### EXERCISE REQUIREMENTS
From the listing that follows, output everything exactly except the pictures.

### GIVEN DATA
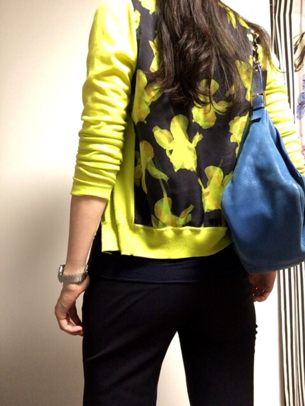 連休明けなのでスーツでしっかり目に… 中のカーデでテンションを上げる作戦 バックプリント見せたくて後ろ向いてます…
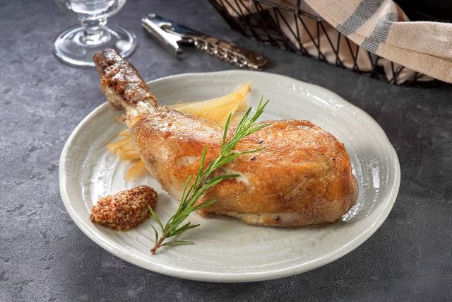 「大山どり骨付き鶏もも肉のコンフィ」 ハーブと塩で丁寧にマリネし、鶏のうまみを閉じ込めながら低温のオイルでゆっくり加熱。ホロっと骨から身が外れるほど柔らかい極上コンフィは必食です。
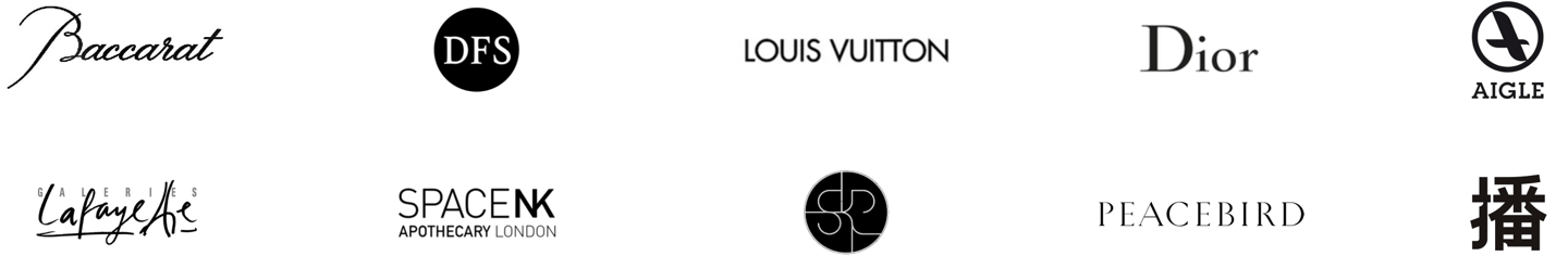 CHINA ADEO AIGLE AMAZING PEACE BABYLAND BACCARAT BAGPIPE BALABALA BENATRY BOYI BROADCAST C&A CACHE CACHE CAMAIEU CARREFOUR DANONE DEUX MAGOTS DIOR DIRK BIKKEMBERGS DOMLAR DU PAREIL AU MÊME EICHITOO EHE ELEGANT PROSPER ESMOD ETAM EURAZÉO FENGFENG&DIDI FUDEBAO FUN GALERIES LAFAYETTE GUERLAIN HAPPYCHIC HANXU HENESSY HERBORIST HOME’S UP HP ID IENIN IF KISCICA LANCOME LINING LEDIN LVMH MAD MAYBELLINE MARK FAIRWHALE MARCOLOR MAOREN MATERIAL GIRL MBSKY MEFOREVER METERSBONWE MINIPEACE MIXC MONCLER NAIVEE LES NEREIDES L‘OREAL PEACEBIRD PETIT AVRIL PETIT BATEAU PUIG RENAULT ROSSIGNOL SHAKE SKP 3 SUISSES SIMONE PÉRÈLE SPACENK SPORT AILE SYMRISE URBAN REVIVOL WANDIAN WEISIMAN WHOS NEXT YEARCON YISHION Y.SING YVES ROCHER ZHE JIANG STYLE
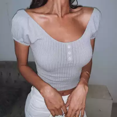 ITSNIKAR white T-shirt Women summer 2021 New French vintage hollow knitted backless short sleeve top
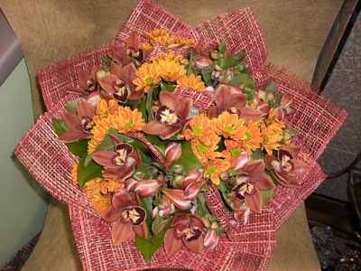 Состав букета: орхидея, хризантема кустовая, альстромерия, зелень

### SOLUTION FOR THIS TASK
 連休明けなのでスーツでしっかり目に… 中のカーデでテンションを上げる作戦 バックプリント見せたくて後ろ向いてます…
 「大山どり骨付き鶏もも肉のコンフィ」 ハーブと塩で丁寧にマリネし、鶏のうまみを閉じ込めながら低温のオイルでゆっくり加熱。ホロっと骨から身が外れるほど柔らかい極上コンフィは必食です。
 CHINA ADEO AIGLE AMAZING PEACE BABYLAND BACCARAT BAGPIPE BALABALA BENATRY BOYI BROADCAST C&A CACHE CACHE CAMAIEU CARREFOUR DANONE DEUX MAGOTS DIOR DIRK BIKKEMBERGS DOMLAR DU PAREIL AU MÊME EICHITOO EHE ELEGANT PROSPER ESMOD ETAM EURAZÉO FENGFENG&DIDI FUDEBAO FUN GALERIES LAFAYETTE GUERLAIN HAPPYCHIC HANXU HENESSY HERBORIST HOME’S UP HP ID IENIN IF KISCICA LANCOME LINING LEDIN LVMH MAD MAYBELLINE MARK FAIRWHALE MARCOLOR MAOREN MATERIAL GIRL MBSKY MEFOREVER METERSBONWE MINIPEACE MIXC MONCLER NAIVEE LES NEREIDES L‘OREAL PEACEBIRD PETIT AVRIL PETIT BATEAU PUIG RENAULT ROSSIGNOL SHAKE SKP 3 SUISSES SIMONE PÉRÈLE SPACENK SPORT AILE SYMRISE URBAN REVIVOL WANDIAN WEISIMAN WHOS NEXT YEARCON YISHION Y.SING YVES ROCHER ZHE JIANG STYLE
 ITSNIKAR white T-shirt Women summer 2021 New French vintage hollow knitted backless short sleeve top
 Состав букета: орхидея, хризантема кустовая, альстромерия, зелень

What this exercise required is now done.